Last month, Germany Business Technology publication ITespresso.de published an in-depth interview with Rainer Zinow, exploring the changing face of SAP Business ByDesign. You can read the original in German here. However, we've arranged for an English translation, and I wanted to share it here.
SAP refines its strategy for Business ByDesign
SAP’s Rainer Zinow acknowledges that his company’s software-as-a-service ERP solution was “not good enough, and not fast enough.” SAP used to market the online solution exclusively to small businesses. But from 2007 forward, it has also appealed to larger clients. Now SAP intends to actively market to those larger businesses.
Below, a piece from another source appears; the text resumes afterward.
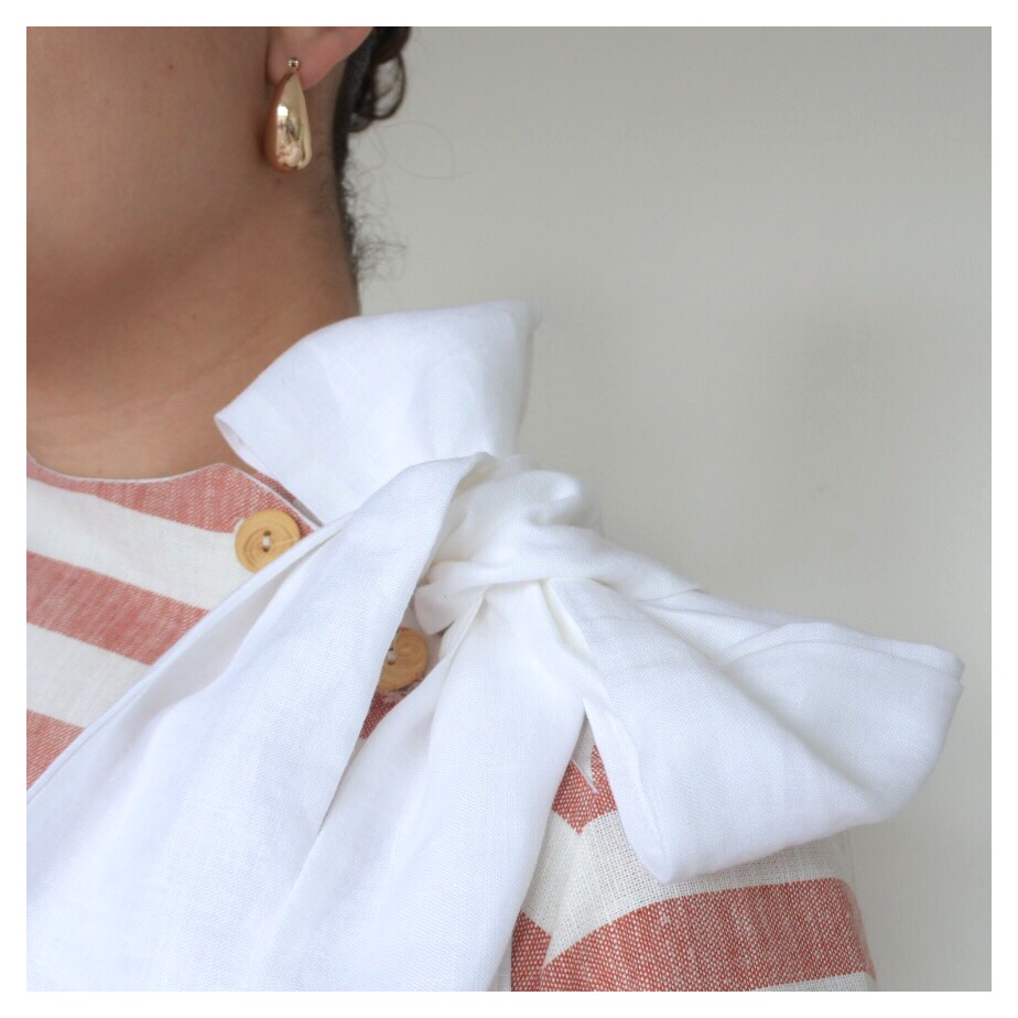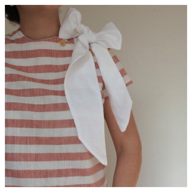 J’ai donc utilisé mon fameux coupon de lin rayé , provenant des Coupons de Saint Pierre. Je n’ai fait aucune modification sur le modèle, mis à part la suppression des volants (ce qui m’a aussi permis de consommer moins de tissu) et l’ajout de ce gros noeud, façon Claudie Pierlot, qui lui, m’a permis d’utiliser une chute de lin Coupons de Saint Pierre, qui me restait de l’année dernière!)
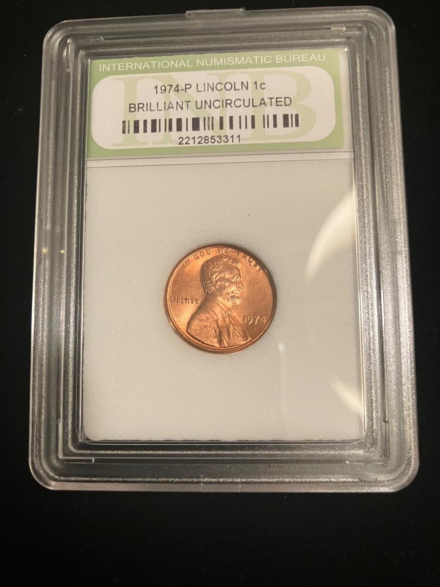 1974-P Lincoln Cent Brilliant Uncirculated - I.N.B. Slabbed - Nice Luster, Sharp Details!

9. July 2013 by Manfred Kohlen
In response to market demands, SAP has expanded the marketing of its cloud-based enterprise resource planning system Business ByDesign beyond small and midsize companies. SAP now also plans to actively sell it to the large corporations that have traditionally been part of its customer base. The Walldorf-based company has improved the product, replacing Microsoft Silverlight with HTML 5 and using HANA, SAP’s state of the art in-memory computing engine..
Rainer Zinow, senior vice president of SAP’s cloud unit, says companies have taken to Business ByDesign despite some teething problems. “This is partly due to improvements in the product, but mainly because the cloud ERP market is only really getting off the ground now. To put it bluntly, in the early days Business ByDesign wasn’t good enough, and it wasn’t fast enough. We changed the user interface and replaced Microsoft Silverlight with HTML5, and to speed ad-hoc reporting we replacedthe SAP Business Information Warehouse with the in-memory database SAP HANA.”
Change of marketing strategy
Frank Niemann, an analyst at the consultancy PAC, says SAP has also changed its marketing strategy for Business ByDesign. “They’ve repositioned it, and it’s no longer solely serving small companies.” Zinow adds, “The market consists of three segments. There are small independent companies that can’t afford the high initial investment in an ERP system, so they use the cloud. There are subsidiaries of big international corporations. And, increasingly, big companies in the service sector are using Business ByDesign.”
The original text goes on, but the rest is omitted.